Ее взгляд задумчиво покоился на лице Норы. Когда Нора жила здесь, Сузи быстро к ней привыкала. Но стоило Норе появиться неожиданно, как сегодня, и вместе с нею в дом вихрем врывалась толпа призраков. Отто в черном мундире. Его смерть в мирное время, когда все повсюду зажили мирной жизнью. Карнавальные балы, хлопанье вылетающих пробок. А вот и Антон, который стрелял в Отто Бентгейма, жалкий и гордый стоит перед судом. Интересно, он все еще в сумасшедшем доме? Ни одна душа больше не вспоминает о нем. Только я вспоминаю каждый божий день… Призраки развеялись, Сузи отвела взгляд от Норы.

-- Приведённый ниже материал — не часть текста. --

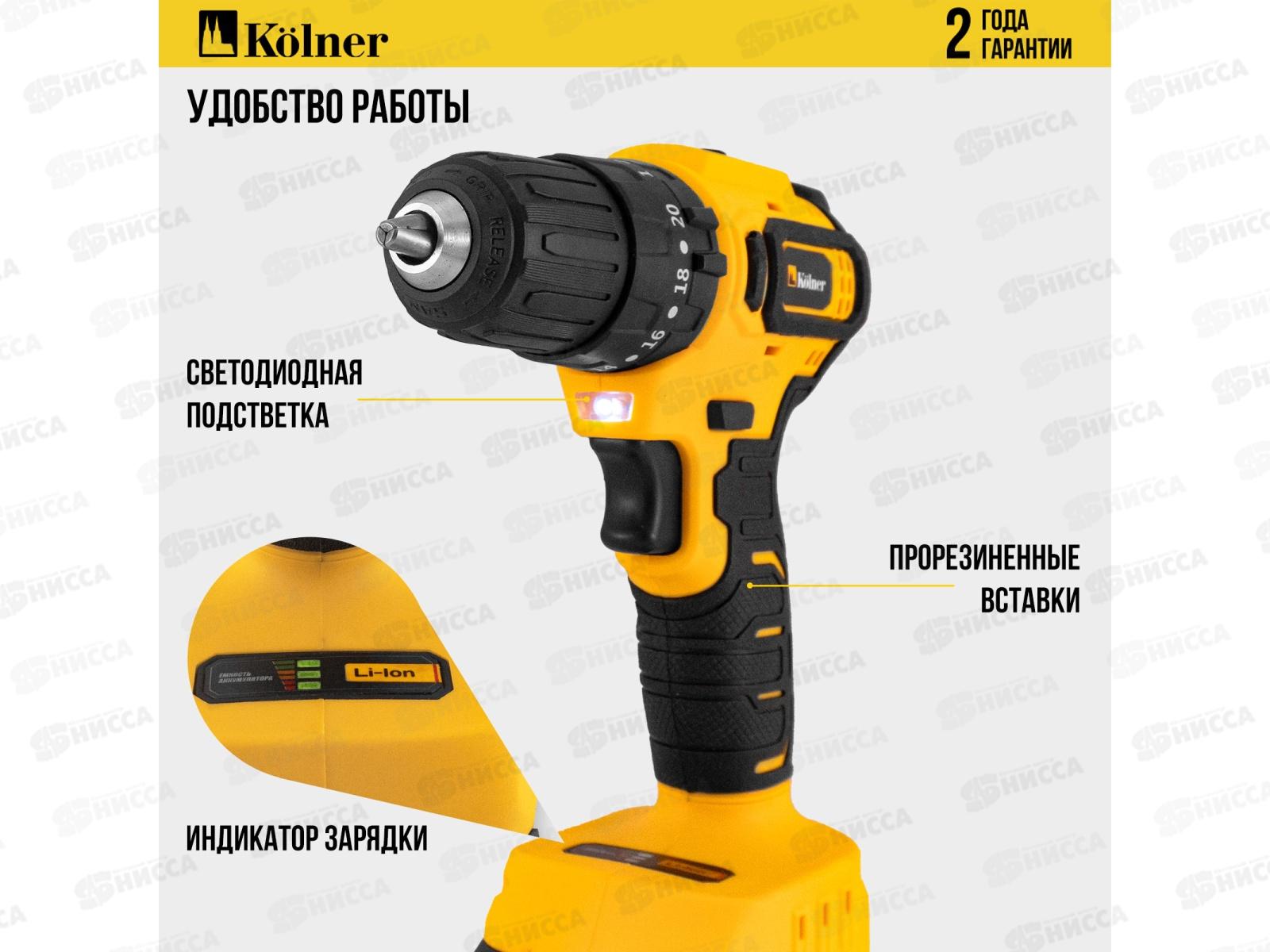 Дрель-шуруповёрт ударная аккумуляторная 20В BL 45Нм Kolner KCD 20/2BLC 0-450/0-1700о/м

— К слову сказать, забастовки. В Бинзгейме никто не голодает, — сказала Гельферих.

— Нет, конечно, — спокойно ответила Сузи. — К счастью, у всех есть работа… Пойду в сад, спрошу, не нужно ли чего господам, — добавила она.

Выходя, Сузи видела, что Шпрангер говорит по телефону. Ее обнаженные, округлые руки быстро двигались, убирая со стола.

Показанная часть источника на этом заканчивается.